EXERCISE INPUT
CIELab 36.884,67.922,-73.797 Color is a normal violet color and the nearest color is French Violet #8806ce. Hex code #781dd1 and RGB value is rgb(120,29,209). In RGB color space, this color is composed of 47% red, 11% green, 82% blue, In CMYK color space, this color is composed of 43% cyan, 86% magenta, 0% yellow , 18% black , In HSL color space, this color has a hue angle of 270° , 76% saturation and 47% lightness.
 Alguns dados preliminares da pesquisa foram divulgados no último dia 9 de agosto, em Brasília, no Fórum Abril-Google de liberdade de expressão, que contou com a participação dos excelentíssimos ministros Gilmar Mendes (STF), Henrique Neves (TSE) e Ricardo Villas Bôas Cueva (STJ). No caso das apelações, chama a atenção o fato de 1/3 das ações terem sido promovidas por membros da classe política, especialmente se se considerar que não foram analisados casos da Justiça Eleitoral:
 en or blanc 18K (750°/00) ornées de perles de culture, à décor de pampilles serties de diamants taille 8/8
==
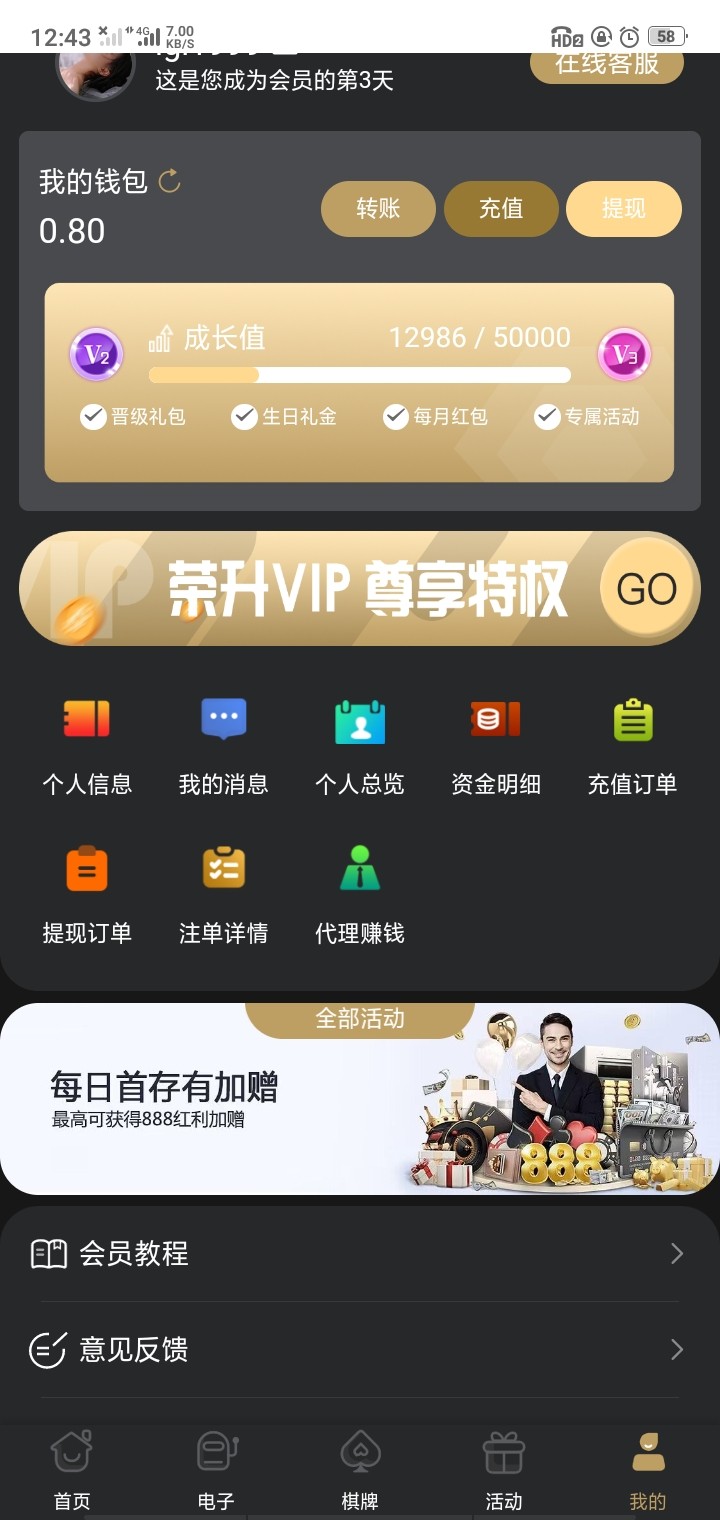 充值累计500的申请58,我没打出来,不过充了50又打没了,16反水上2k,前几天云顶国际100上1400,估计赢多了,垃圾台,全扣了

ACTIVITY
The required output is every line above from the one with "CIELab 36.884,67.922,-73.797 Color" down to the one with "en or blanc", restated word for word, ends included.

REPLY TO THE EXERCISE
CIELab 36.884,67.922,-73.797 Color is a normal violet color and the nearest color is French Violet #8806ce. Hex code #781dd1 and RGB value is rgb(120,29,209). In RGB color space, this color is composed of 47% red, 11% green, 82% blue, In CMYK color space, this color is composed of 43% cyan, 86% magenta, 0% yellow , 18% black , In HSL color space, this color has a hue angle of 270° , 76% saturation and 47% lightness.
 Alguns dados preliminares da pesquisa foram divulgados no último dia 9 de agosto, em Brasília, no Fórum Abril-Google de liberdade de expressão, que contou com a participação dos excelentíssimos ministros Gilmar Mendes (STF), Henrique Neves (TSE) e Ricardo Villas Bôas Cueva (STJ). No caso das apelações, chama a atenção o fato de 1/3 das ações terem sido promovidas por membros da classe política, especialmente se se considerar que não foram analisados casos da Justiça Eleitoral:
 en or blanc 18K (750°/00) ornées de perles de culture, à décor de pampilles serties de diamants taille 8/8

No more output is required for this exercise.